━━━━━ EXERCISE MATERIAL ━━━━━

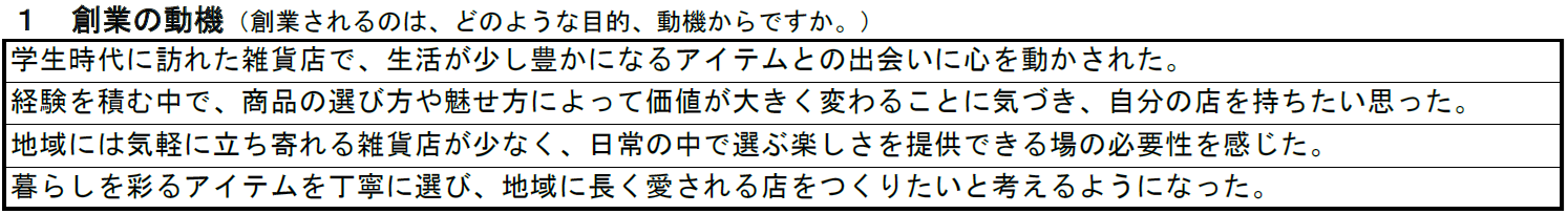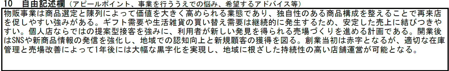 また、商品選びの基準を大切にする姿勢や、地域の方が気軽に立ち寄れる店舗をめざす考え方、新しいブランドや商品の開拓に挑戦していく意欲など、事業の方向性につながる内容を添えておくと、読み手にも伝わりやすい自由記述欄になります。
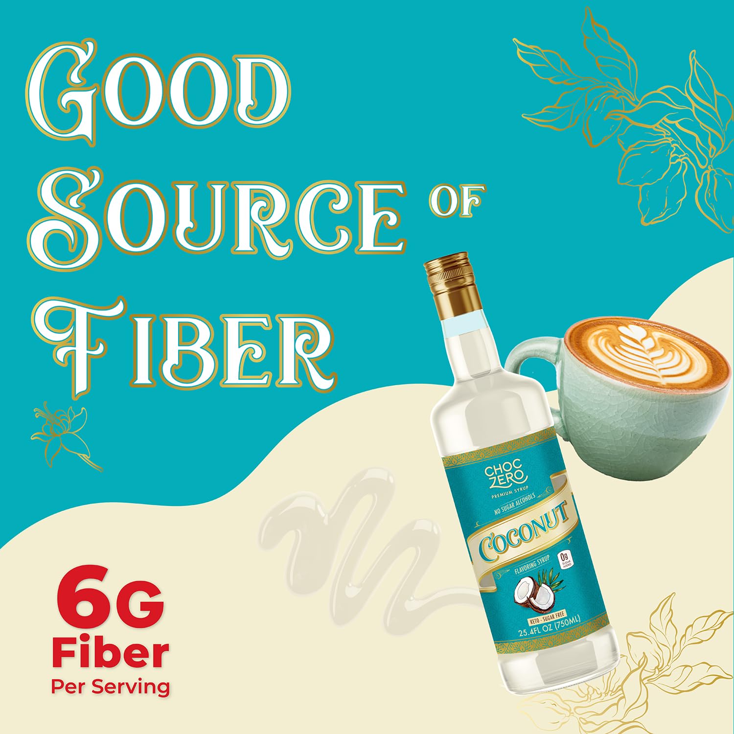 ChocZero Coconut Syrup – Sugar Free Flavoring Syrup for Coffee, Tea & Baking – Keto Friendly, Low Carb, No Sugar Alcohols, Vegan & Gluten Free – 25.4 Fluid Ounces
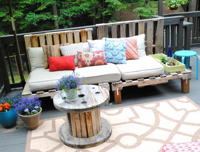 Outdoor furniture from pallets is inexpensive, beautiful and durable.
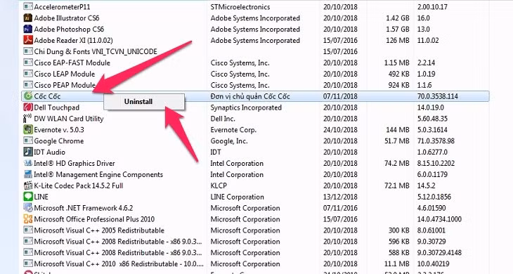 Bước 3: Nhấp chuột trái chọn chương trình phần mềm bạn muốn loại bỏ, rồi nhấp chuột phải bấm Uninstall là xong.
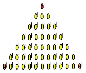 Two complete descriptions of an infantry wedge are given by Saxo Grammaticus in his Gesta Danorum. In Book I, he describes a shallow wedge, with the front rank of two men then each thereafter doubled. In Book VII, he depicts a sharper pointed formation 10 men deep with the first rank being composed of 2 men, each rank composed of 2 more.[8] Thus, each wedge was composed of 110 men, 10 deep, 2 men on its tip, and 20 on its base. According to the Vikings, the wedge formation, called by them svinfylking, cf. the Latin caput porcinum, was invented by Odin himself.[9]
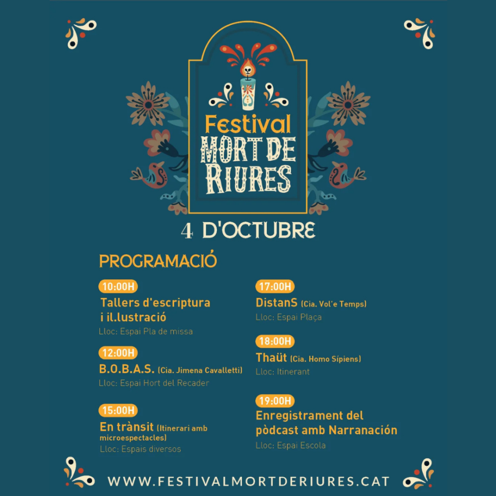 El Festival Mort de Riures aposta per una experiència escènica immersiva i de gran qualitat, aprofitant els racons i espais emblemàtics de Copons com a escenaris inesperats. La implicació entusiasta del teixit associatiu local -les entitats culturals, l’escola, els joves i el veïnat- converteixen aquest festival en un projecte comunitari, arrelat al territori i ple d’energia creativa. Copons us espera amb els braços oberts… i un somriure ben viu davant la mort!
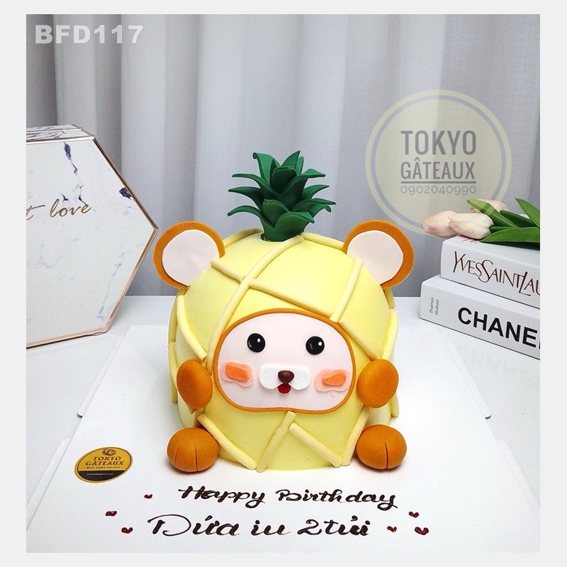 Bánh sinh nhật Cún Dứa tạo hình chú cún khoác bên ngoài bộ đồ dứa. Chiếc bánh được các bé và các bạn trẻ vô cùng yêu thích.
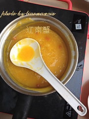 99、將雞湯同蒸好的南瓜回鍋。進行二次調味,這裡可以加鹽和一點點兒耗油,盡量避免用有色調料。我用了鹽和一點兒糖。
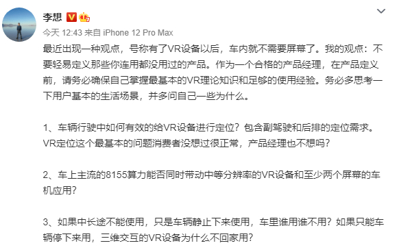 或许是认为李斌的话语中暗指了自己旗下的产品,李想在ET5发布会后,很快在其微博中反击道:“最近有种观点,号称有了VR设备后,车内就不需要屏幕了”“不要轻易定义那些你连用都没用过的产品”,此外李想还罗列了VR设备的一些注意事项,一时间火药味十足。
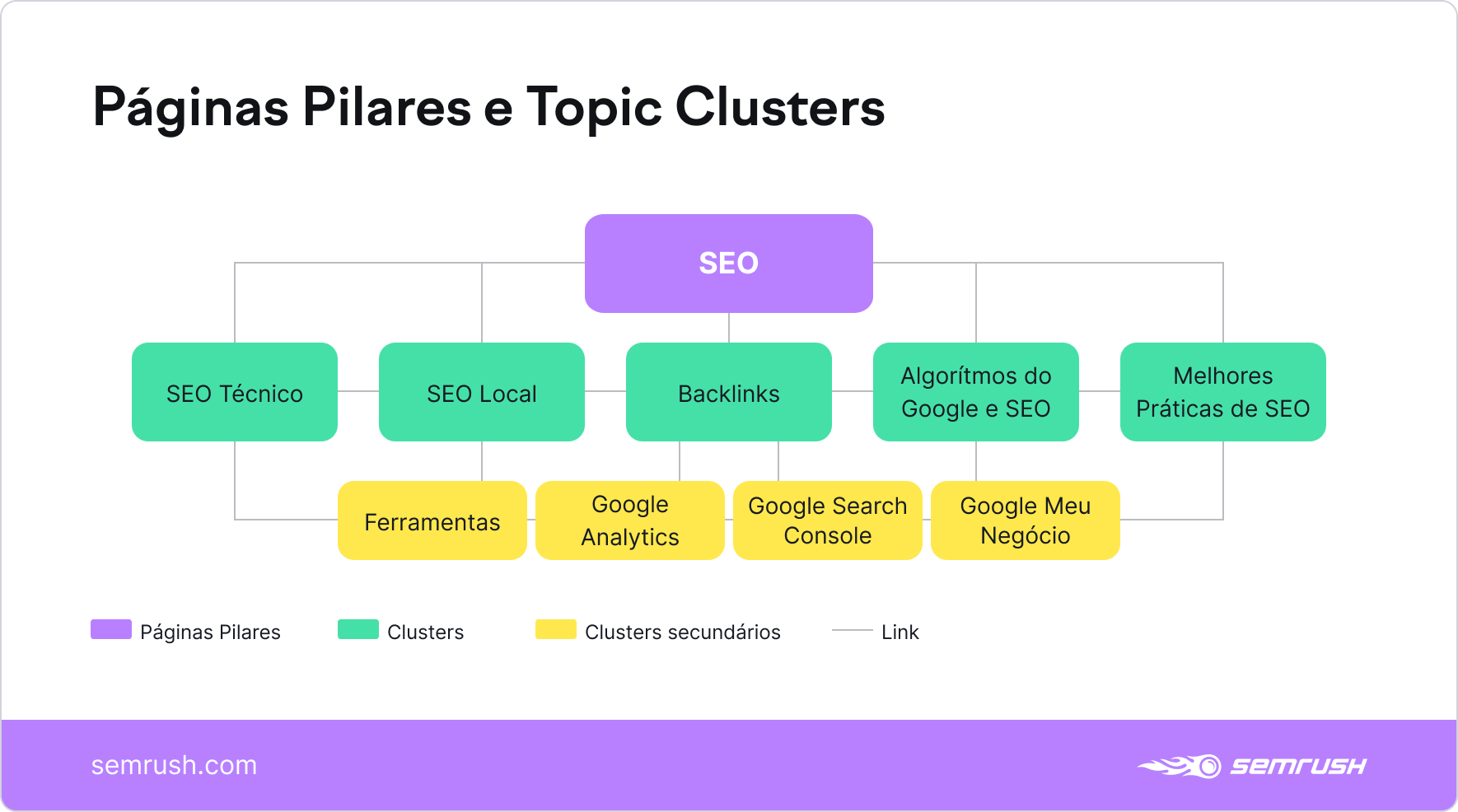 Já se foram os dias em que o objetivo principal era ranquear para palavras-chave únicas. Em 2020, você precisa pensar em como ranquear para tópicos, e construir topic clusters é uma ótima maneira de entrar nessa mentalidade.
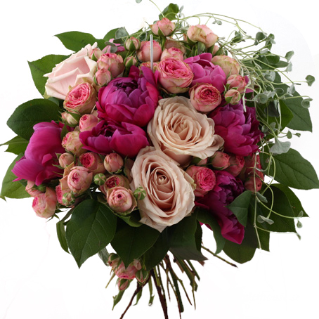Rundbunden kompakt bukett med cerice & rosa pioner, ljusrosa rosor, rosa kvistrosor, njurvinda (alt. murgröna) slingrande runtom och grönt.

━━━━━
━━━━━ EXERCISE MATERIAL ━━━━━

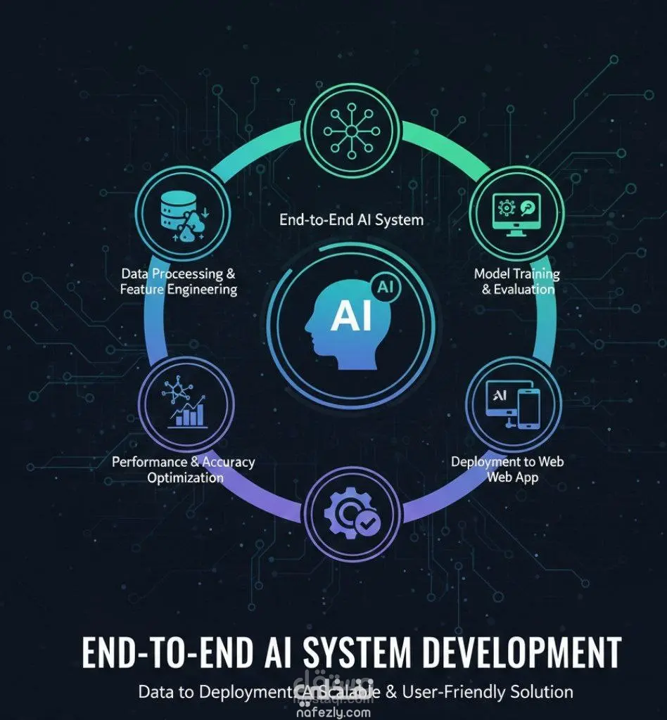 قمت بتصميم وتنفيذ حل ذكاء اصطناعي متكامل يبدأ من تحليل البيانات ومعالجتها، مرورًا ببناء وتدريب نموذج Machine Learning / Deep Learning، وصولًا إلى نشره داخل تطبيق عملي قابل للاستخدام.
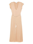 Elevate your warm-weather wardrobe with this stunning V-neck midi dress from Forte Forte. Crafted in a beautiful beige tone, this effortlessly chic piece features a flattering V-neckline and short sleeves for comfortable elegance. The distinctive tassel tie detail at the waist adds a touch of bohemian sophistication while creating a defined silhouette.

━━━━━

* PROBLEM STATEMENT:
Within the listing above, the lines starting at the one containing "ChocZero Coconut Syrup" and ending at the one containing "Bước 3: Nhấp" are to be returned exactly. Omit the pictures.

* EXERCISE OUTPUT:
 ChocZero Coconut Syrup – Sugar Free Flavoring Syrup for Coffee, Tea & Baking – Keto Friendly, Low Carb, No Sugar Alcohols, Vegan & Gluten Free – 25.4 Fluid Ounces
 Outdoor furniture from pallets is inexpensive, beautiful and durable.
 Bước 3: Nhấp chuột trái chọn chương trình phần mềm bạn muốn loại bỏ, rồi nhấp chuột phải bấm Uninstall là xong.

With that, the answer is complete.